I have always preferred to use SQL versus SAS syntax because of the wider usage of SQL for general data manipulation. However, I have heard that the SAS update statement is much more efficient than SQL for updates, so I wrote a test case to verify.
Sure enough, the SAS update statement is several orders of magnitude faster when updating roughly 5,000 rows from one table to a 100,000 row table.

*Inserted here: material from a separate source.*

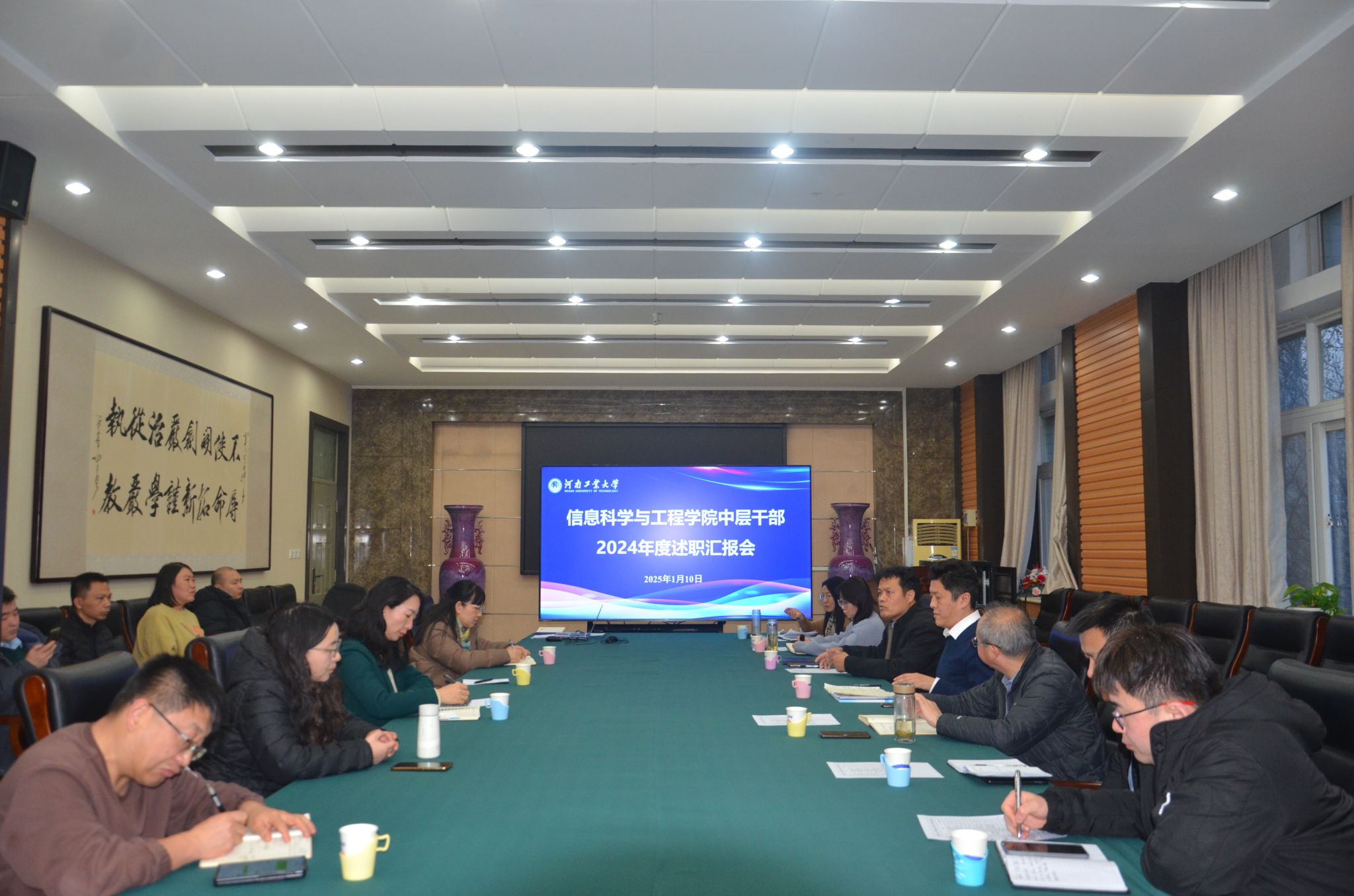 在6225会议室召开2024年度中层干部述职汇报会。学院全体领导班子成员、全体中层干部参加会议。学院党委书记郭晓旻主持会议。

data sample ; do id = 1 to 100000 ; lname = 'Smith' ; output ; end ; run ; data upd ; set sample ; if ranuni( 1 ) <= .05 then do ; lname = 'Jones' ; output ; end ; run ; data sample ; update sample upd ; by id ; run ; proc sql ; update sample s set lname = ( select lname from upd u where u.id = s.id ) where id in ( select id from upd u ) ; quit ; proc sql ; update sample s set lname = ( select lname from upd u where u.id = s.id ) where exists ( select * from upd u where u.id = s.id ) ; quit ;
See also: Update Statement, Updating a Table with Values from Another Table
Thank you so much for sharing this wonderful information. I find this very useful and informative. keep up this good work.
ReplyDeleteSAS training in Chennai
Thats a big difference!
ReplyDeleteThe SQL-code is explicit about which column is being updated, and which column the values come from. On the other hand, the data step is implicitly referring to all columns (I guess). How do I make the data step explicit about which columns are being updated from which source column?